For example, if the surface feature 25 is a groove or channel in the surface 24 of the material 26, the width of the groove can be determined from diffraction theory. For a single line having a line width d, the characteristic Fraunhofer diffraction pattern 32 is a sine-square function, and the distance from the first diffraction minimum to the center zeroth-order light is expressed by the following equation.
s = (F × λ) / d Equation 1
In the equation, s is the distance from the first minimum diffraction value to the 0th-order light (for simplicity, hereinafter referred to as the diffraction pattern size), F is the focal length of the Fourier transform lens 20, and λ is This is the wavelength of the light source 12.

In a camera imaging system with a magnification of M, Equation 1 changes as follows:
s = (M × F × λ) / d Equation 2

  If the array or pattern of features 25 on the surface includes a periodic line structure as shown in FIG. 2, consider that diffraction pattern 50 is an interference pattern modulated by a sine-square diffraction envelope function 52 Can do. As shown in Equation 2 above, the line width d of the selected feature 25 in the array or pattern is the diffraction pattern size, ie the distance between the central zeroth order light 54 and the first diffraction minimum 56. associated with l.

  The analysis of the Fraunhofer diffraction pattern performed by the imaging system is not limited to the above procedure, and many suitable techniques can be used. For example, the imaging system may determine the distance between any two minimums of the diffraction pattern, or may fit the measured minimum position to the model diffraction pattern.

  FIG. 3 is another embodiment of an apparatus 100 that can be used to determine the dimensions of selected features on the surface of the material. The light source 112 emits a light beam 114 to the beam expander 116. The expanded light beam 118 passes through the Fourier transform lens 120, and the concentrated light beam 122 is incident on the sample surface 124 of the material 126. Sample surface 124 includes an array of surface features 125 having microscopic dimensions. The sample surface 124 is placed between the Fourier transform lens 120 and its focal point, which is referred to as an inverse Fourier transform mode arrangement. The light 128 transmitted through the material 126 is imaged on an arbitrary screen 130, and the Fraunhofer diffraction pattern 132 of the feature 125 appears on the screen 130. The image acquisition device 134 can capture an image of the Fraunhofer diffraction pattern and use the imaging system in the device 134 to analyze the Fraunhofer diffraction pattern 132. Based on the characteristics of the diffractive pattern 132, a processing device within the device 134 can be used to determine the dimensions of the selected surface features 125.

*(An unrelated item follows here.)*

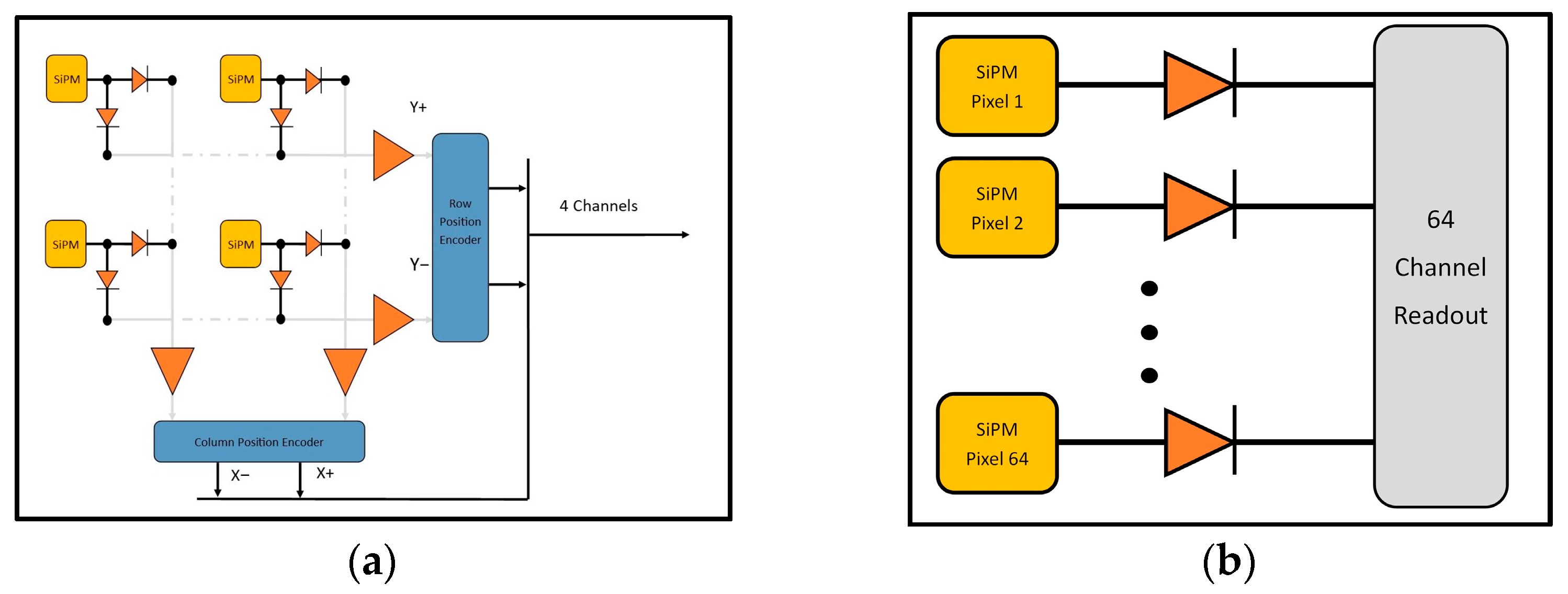 8. Park, H.; Yi, M.; Lee, J.S. Silicon photomultiplier signal readout and multiplexing techniques for positron emission tomography: A Review. Biomed. Eng. Lett. 2022, 12, 263–283. [Google Scholar] [CrossRef]

  FIG. 4 is a flowchart illustrating a method 200 for operating the apparatus of FIG. 1 or 3 to determine the dimensions of selected features on the substrate surface. Referring to FIG. 4, in step 202, the device forms a Fraunhofer diffraction pattern of material surface features, and in step 204, an image of the diffraction pattern is projected onto a sensor of the image acquisition device. In step 206, the image of the diffraction pattern is processed by an image acquisition device to determine the feature dimensions.

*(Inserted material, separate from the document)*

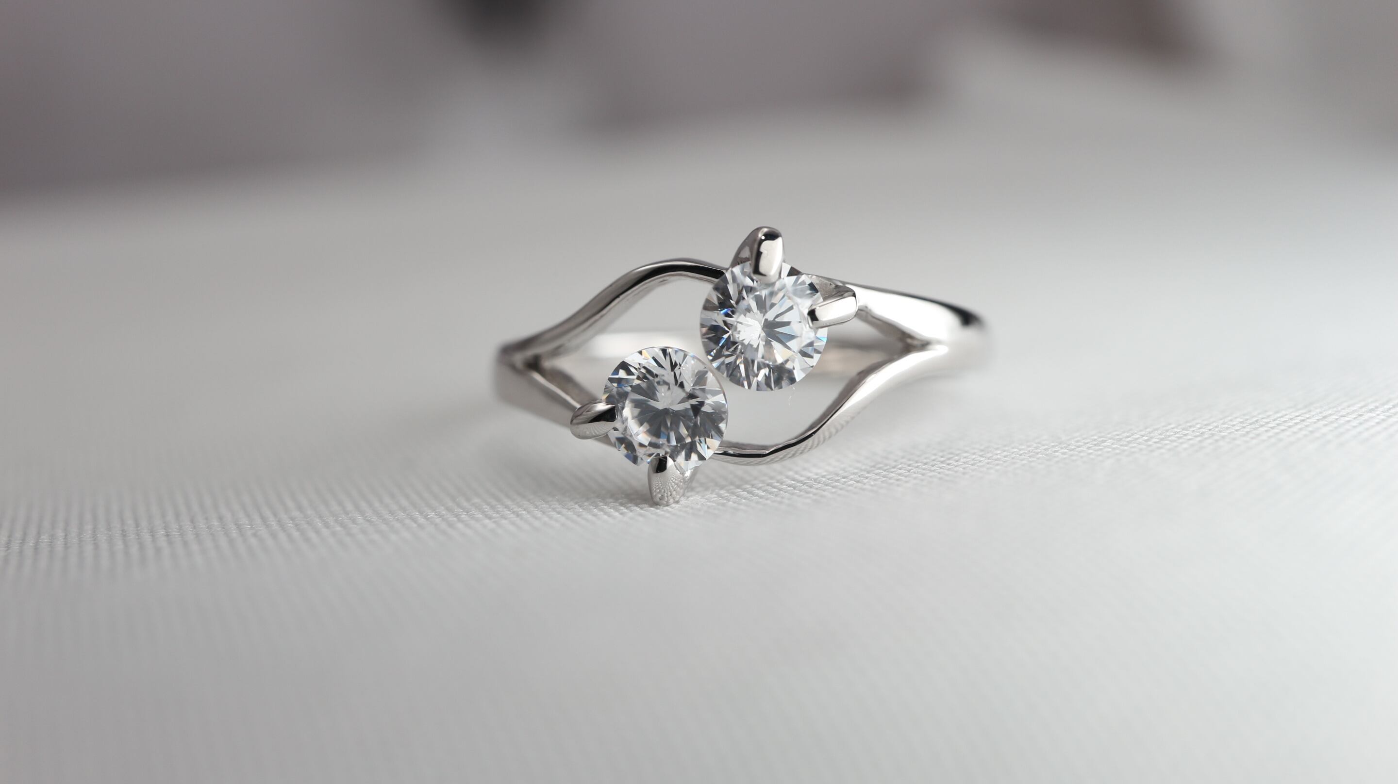 美しいウェーブラインに、向かい合う様にセッティングされた2pcのダイヤモンド。

  FIG. 5 illustrates an implementation of a method 250 for operating the apparatus of FIG. 1 or 3 to determine the dimensions of selected features (eg, grooves or protrusions) on the surface of a non-stationary web of flexible material. It is a flowchart which shows a form. In step 252, a light source is placed proximal to the non-stationary web surface. In step 254, the light source emits an interrogation beam through the Fourier transform lens onto the web surface, where the web surface and the Fourier transform lens are placed in the inverse Fourier transform mode. In step 256, the interrogation beam travels over the web surface to form a Fraunhofer diffraction pattern of one or more features on the web surface, and in step 258 the image of the diffraction pattern is projected onto an arbitrary screen. This projected image is then used to more conveniently image large diffraction patterns. In step 260, an image of the diffraction pattern on the screen is captured by an image acquisition device such as a CCD camera. In step 262, the image acquisition device measures the diffraction pattern size and determines the dimension (eg, width or height) of the selected feature on the web surface.

  In some embodiments, the apparatus of FIG. 1 or FIG. 3 may be used in one or more inspection systems to inspect web material during manufacturing. In order to produce a finished web roll that is ready to be converted into individual sheets for incorporation into a product, an unfinished web roll is made up of a plurality of either one web manufacturing plant or multiple manufacturing plants. Can be processed in the process line. For each process, the web roll is used as a raw roll from which the web is fed into the manufacturing process. After each process, the web is usually collected again in a web roll and moved to another product line or shipped to another manufacturing plant, then spread there, processed and collected again in a roll . This process is repeated until the final finished web roll is manufactured. In many applications, the web material for each of each web roll may be subjected to multiple coatings on one or more production lines of one or more web manufacturing plants. This coating is generally applied to the exposed surface of the base web material in the case of the first manufacturing process and to the exposed surface of the coating that has already been applied in the later manufacturing process. Examples of coatings include adhesives, hard coats, low adhesion backside coatings, metallized coatings, neutral density coatings, electrically conductive or non-conductive coatings, or combinations thereof.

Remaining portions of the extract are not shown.